Volume 4 Issue 1
Spring 2008
ISSN 1937-7266

Cooperative Collection Building in NSDL MatDL Pathway
through iVia Data Fountains

Laura M. Bartolo, Cathy S. Lowe

Materials Informatics Lab
Kent State University
Kent, OH 44242-0001
+1 330 672 {1691, 0021}
{lbartolo, clowe}@kent.edu

Johannes Ruscheinski, Diane Bisom

The iVia Project
Science Library, University of California
Riverside, CA 92517-5900
+1 951 827 {2080, 2279}
{ruschein@ivia., dbisom@}ucr.edu

The National Science Foundation established the National Science Digital Library (NSDL) as an online library of resources for STEM education and research to catalyze and support continual improvements across STEM at all levels. Two NSDL projects, the Materials Digital Library Pathway (MatDL) and the iVia Data Fountains Project, are working together on a pilot involving an undergraduate materials science research program and automatic metadata generation.

The NSDL MatDL Pathway is implementing an information infrastructure for stewardship of significant content and services to support the integration of education and research in materials science (MS). The iVia Project is developing a suite of tools that provide automated and/or semi-automated Internet resource discovery (collection development), metadata generation and rich, full-text extraction. This service offers a means of building or augmenting collections that can keep pace with growing numbers of significant resources on the Internet and can help to mitigate the high costs of expert, manually created metadata. MatDL is providing feedback to help refine the iVia tools while streamlining its metadata assignment process by testing iVia with undergraduate research papers from the NSF-funded Cornell Center for Materials Research (CCMR), a Materials Research Science and Engineering Center (MRSEC). This work is resulting in improvements to the iVia tools, in suggested templates for adoption by CCMR with its student research papers, in shaping MatDL’s submission guidelines, and in impacting automatic metadata assignment quality in MatDL to ensure broad dissemination of high quality materials resources.
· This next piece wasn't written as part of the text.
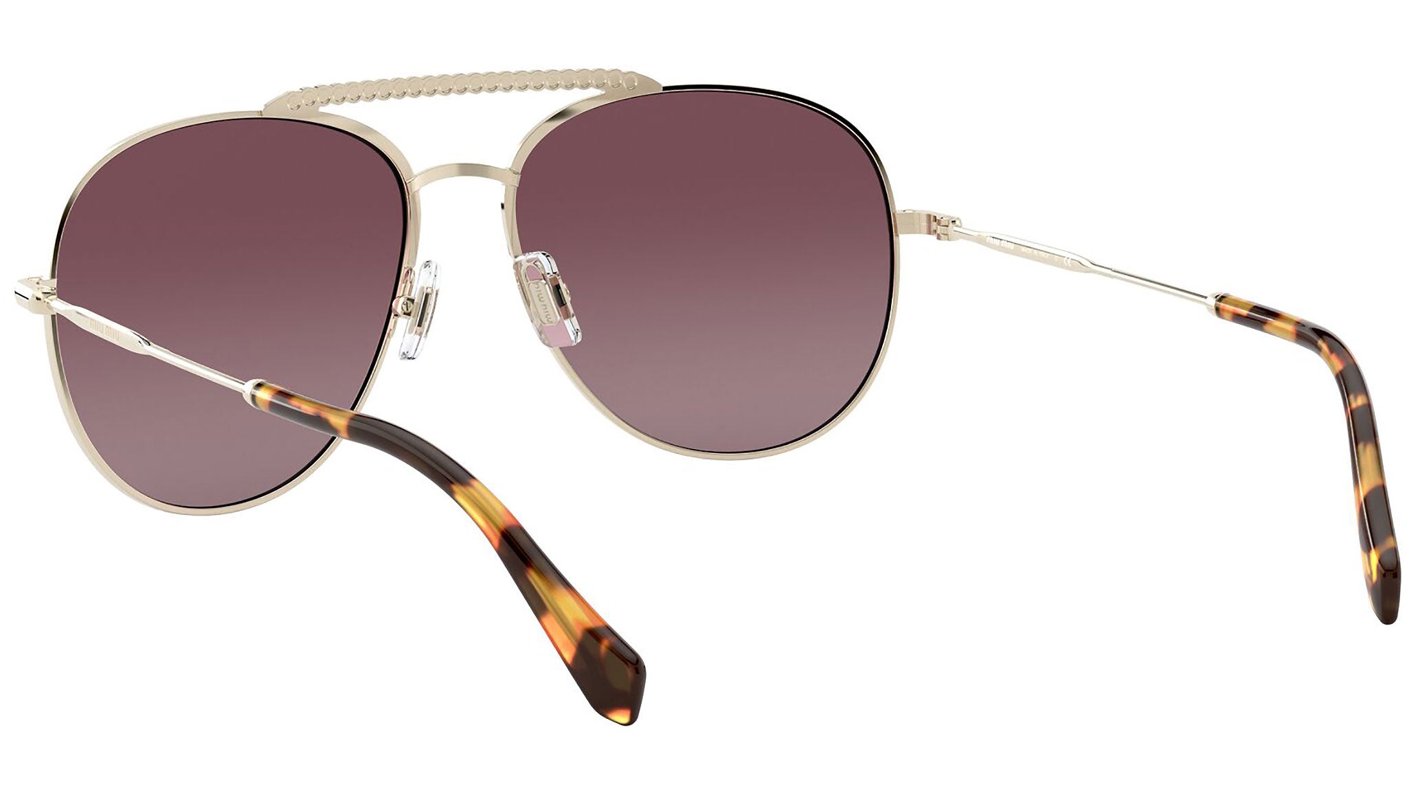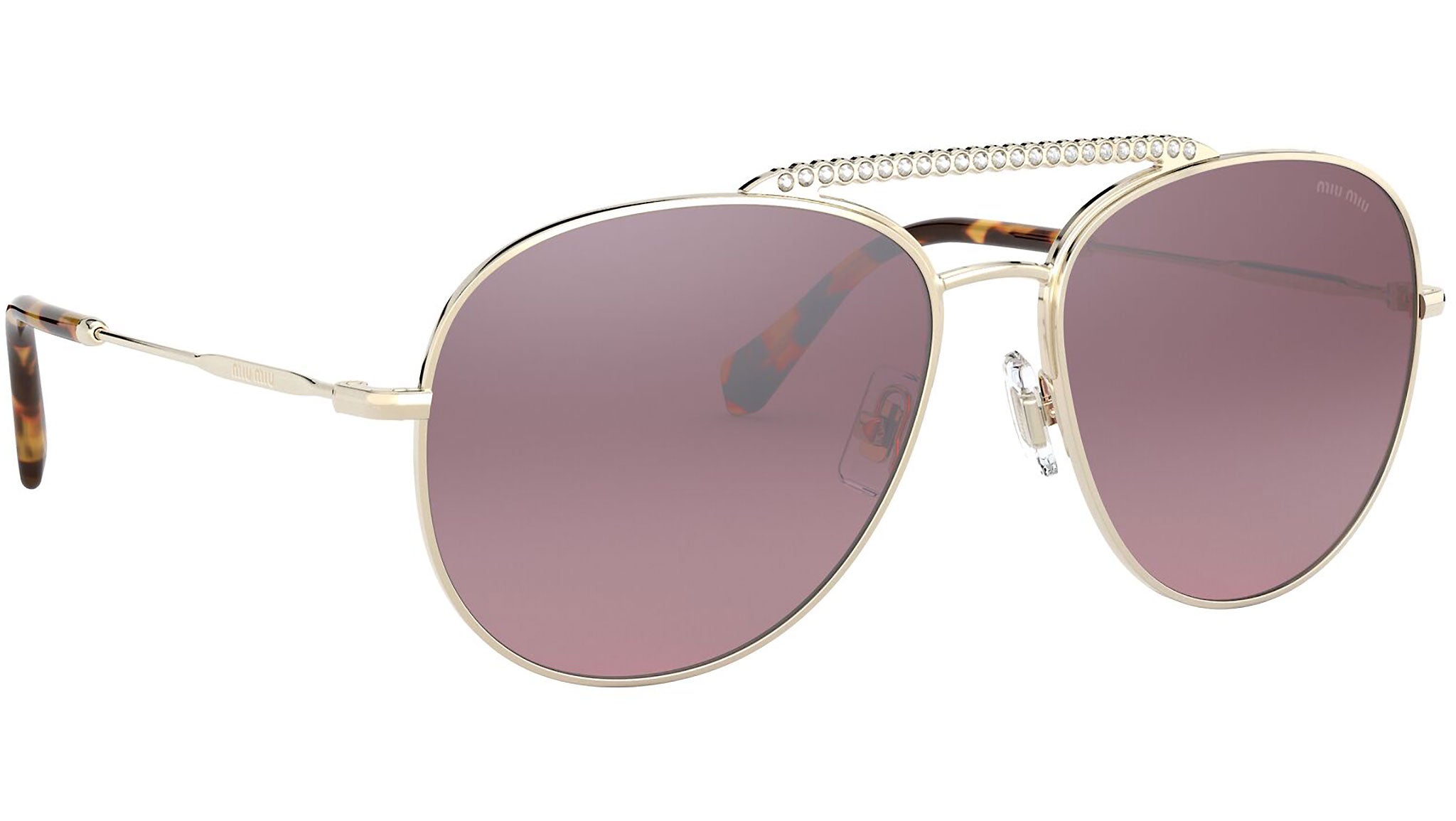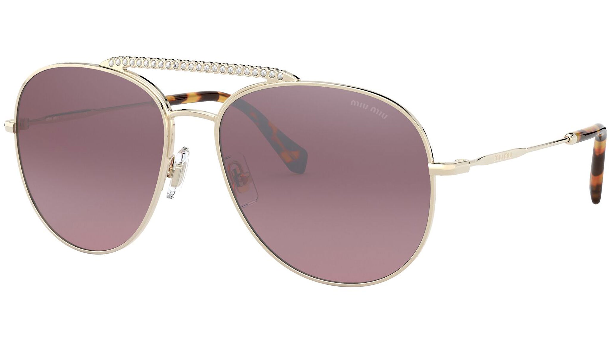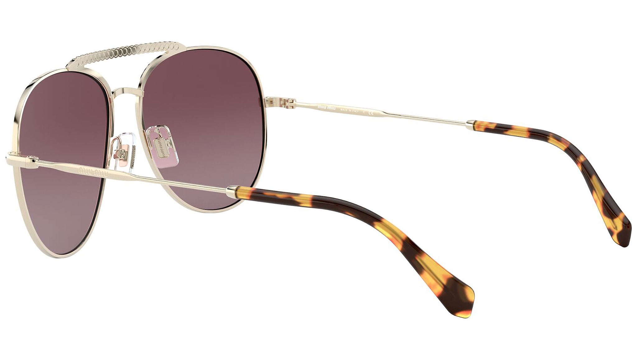 Occhiali da sole Miu Miu modello MU 53VS variante colore ZVNTEG oro chiaro, con lenti color rosa sfumato a specchio argento. Miu Miu offre creazioni uniche, in cui la costante ricerca stilistica si combina perfettamente con la maestria artigianale della lavorazione. Le silhouette femminili e sinuose delle montature sono espressione di una ricchezza dei dettagli che rispecchia pienamente i codici stilistici e l’indiscusso talento del brand nell’unire il design non convenzionale ad un romanticismo dai rimandi retrò.

Cooperative Collection Building in NSDL MatDL Pathway through iVia Data Fountains

For a larger view of the poster click here

The poster presents the results of the pilot study which involved MatDL testing iVia metadata generation on a set of 83 undergraduate research papers in portable document format (PDF) from the Research Experience for Undergraduates (REU) program of CCMR. MatDL and iVia conducted a series of tests to refine the metadata generation capabilities of the iVia tools with PDF documents, improving the results set over time. The most recent version of iVia was able to extract description metadata from multi-columnar text. Good accuracy was obtained for title generation with content-word precision of 91.09% and recall of 89.30%. The exact title was assigned in 84% of cases and an additional 7% of titles were partially correct. Automatic keyphrase generation was also evaluated. For each document, each of five automatically assigned keyphrases was manually rated regarding how well the phrase described document contents. Of the automatically assigned keyphrases, 39% were found to be highly descriptive, 41% acceptable, and 20% unacceptable. IVia continues to improve existing results as well as add additional functionality such as automatic extraction of author metadata from text.